Lower-level API#

In some situations, the use of operator->*() on the object returned by ctx.task() (where ctx is a stream or graph context) may not be suitable, for example when the number of parameters is not known statically. To address such situations, CUDASTF provides a lower-level interface for creating tasks, which is described below.

#include "cudastf/stf.h"
#include "cudastf/__stf/stream/stream_ctx.h"

using namespace cudastf;

template <typename T>
__global__ void axpy(int n, T a, T* x, T* y) {
    int tid = blockIdx.x * blockDim.x + threadIdx.x;
    int nthreads = gridDim.x * blockDim.x;

    for (int ind = tid; ind < n; ind += nthreads) {
        y[ind] += a * x[ind];
    }
}

int main(int argc, char** argv) {
    stream_ctx ctx;

    const size_t N = 16;
    double X[N], Y[N];

    for (size_t ind = 0; ind < N; ind++) {
        X[ind] = sin(double(ind));
        Y[ind] = cos(double(ind));
    }

    auto lX = ctx.logical_data(X);
    auto lY = ctx.logical_data(Y);

    double alpha = 3.14;

    /* Compute Y = Y + alpha X */
    auto t = ctx.task(lX.read(), lY.rw());
    t.start();
    slice<double> sX = t.get<0>();
    slice<double> sY = t.get<1>();
    axpy<<<16, 128, 0, t.get_stream()>>>(sX.size(), alpha, sX.data_handle(), sY.data_handle());
    t.end();

    ctx.sync();
}

The ctx.task() call returns a task object. This object provides access to the local description of the data associated with the task and a CUDA stream that can be used to submit work asynchronously. The beginning of the task body and its end are delimited by the .start() and .end() calls. Failing to call either of these methods or calling them more than once or in the wrong order results in undefined behavior.

Asynchrony is achieved by using the CUDA stream, which provides a mechanism to submit work on the execution place (here, implicitly the current CUDA device). CUDA ensures that all kernels synchronized with this CUDA stream will only be executed once all prerequisites have been fulfilled (e.g., preceding tasks, data transfers, etc.).
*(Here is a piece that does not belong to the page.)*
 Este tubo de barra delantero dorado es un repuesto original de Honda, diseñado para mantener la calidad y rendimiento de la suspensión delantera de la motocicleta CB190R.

In addition, CUDASTF performs all the necessary synchronization so that future tasks will be properly synchronized with the operations enqueued in the CUDA stream associated with this task after calling .start() and before calling .end().
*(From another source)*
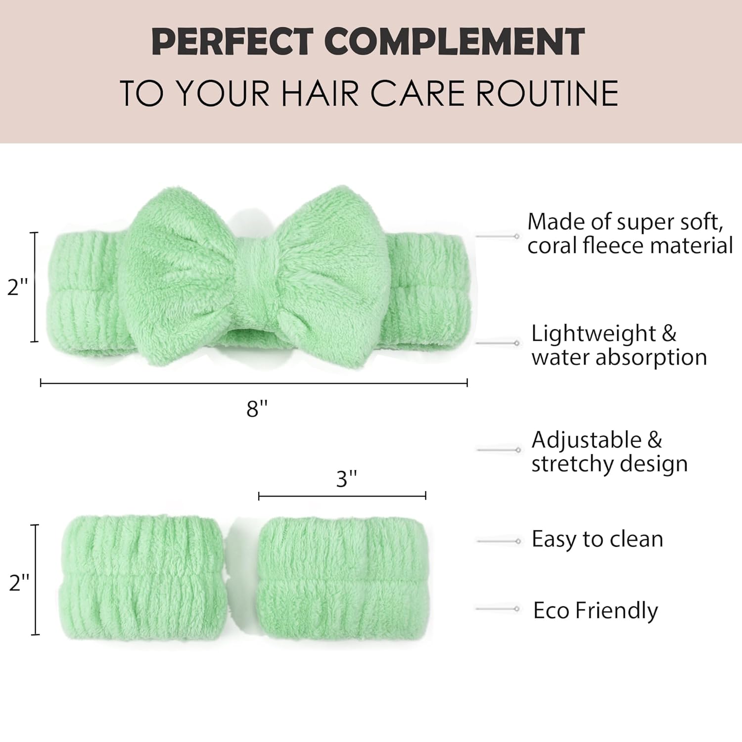 Ayesha Green Spa Headband and Wristband Set for Skincare Makeup Headband Wrist Cuffs for Washing Face Bubble Skincare Hairband for Women Girls

Compatibility with CUDA graphs#

Similarly to the CUDA stream backend with a context of type stream_ctx, the CUDA graph backend graph_ctx also provides a low-level interface.

graph_ctx ctx;

double X[1024], Y[1024];
auto lX = ctx.logical_data(X);
auto lY = ctx.logical_data(Y);

for (int k = 0; k < 10; k++) {
    graph_task t = ctx.task();
    t.add_deps(handle_X.rw());
    t.start();
    cudaGraphNode_t n;
    cuda_safe_call(cudaGraphAddEmptyNode(&n, t.get_graph(), nullptr, 0));
    t.end();
}

graph_task t2 = ctx.task();
t2.add_deps(lX.read(), lY.rw());
t2.start();
cudaGraphNode_t n2;
cuda_safe_call(cudaGraphAddEmptyNode(&n2, t2.get_graph(), nullptr, 0));
t2.end();

ctx.sync();

A task in the CUDA graph backend corresponds to a child graph automatically inserted into the CUDA graph associated to a graph_ctx context. The example above creates 10 tasks that modify logical data lX, followed by a task that reads lX and modifies lY. The code illustrates how one can add dependencies to a task by using the add_deps method.

Similarly to the CUDA stream backend, a task is outlined by a pair of calls to the start()/end() member functions.